O médico sanitarista Carlos Chagas identificou o protozoário causador da enfermidade que até aquele momento permanecia desconhecida, nomeando-o Trypanosoma cruzi, em homenagem ao também cientista Oswaldo Cruz, com quem trabalhou no Instituto de Manguinhos e na Diretoria Geral de Saúde Pública. “A descrição que fez da enfermidade acabou por distingui-lo: um mesmo pesquisador, no espaço de poucos meses, apresentou a causa de uma doença, sua forma de transmissão, os sintomas e a epidemiologia, fato único na história da medicina” (BRASIL, 2013, p. 156).

Um dos mais respeitados cientistas brasileiros, Carlos Chagas foi duas vezes indicado ao Prêmio Nobel de Medicina, em 1913 e 1921, em virtude das suas pesquisas a respeito da doença que leva seu sobrenome. O acervo do cientista, custodiado pela Casa de Oswaldo Cruz (COC) da Fundação Oswaldo Cruz (Fiocruz),  foi registrado como Memória do Mundo, em 2008, pela Organização das Nações Unidas para a Educação, a Ciência e a Cultura (Unesco).
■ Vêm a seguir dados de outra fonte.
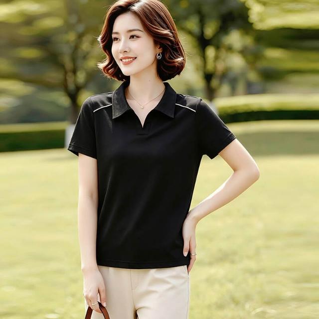 polo衫女上衣涼感衣冰絲運動上衣大尺碼休閒短袖夏天透氣寬鬆通勤翻領上衣吸濕排汗工作寬鬆POLO衫薄上衣氣質百搭短袖上衣
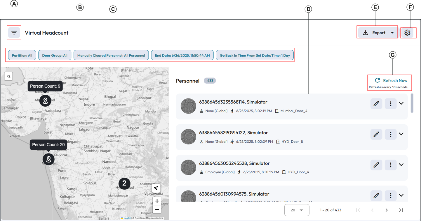 Virtual headcount works in tandem with Last known location data. You can use it to quickly determine what group of people is at a particular location, such as Door Group, General Tags, Location Tags, and Partition.

Doença de Chagas: formas de transmissão, distribuição geográfica e combate

 

A doença de Chagas é uma enfermidade de transmissão vetorial, podendo ocorrer também por meio de transfusões de sangue, de mãe para filho durante a gestação,  doação de órgãos e contaminação alimentar. Na transmissão vetorial, alguns insetos se infectam ao sugar o sangue de animais contaminados e passam a carregar o parasita. No Brasil, o mais conhecido leva o nome popular de barbeiro e habita frestas nas paredes de casas feitas de adobe. Ao picar a pele de um indivíduo, o barbeiro contaminado deposita fezes infectadas com o Trypanosoma cruzi. A picada provoca coceira e o protozoário acaba sendo levado pelo orifício até a corrente sanguínea. Algumas das primeiras manifestações da enfermidade são febre, mal estar e inflamação nos gânglios que ocorrem aproximadamente duas semanas depois da exposição. O indivíduo infectado pode desenvolver graves problemas cardíacos ou intestinais, inclusive anos após os primeiros sintomas.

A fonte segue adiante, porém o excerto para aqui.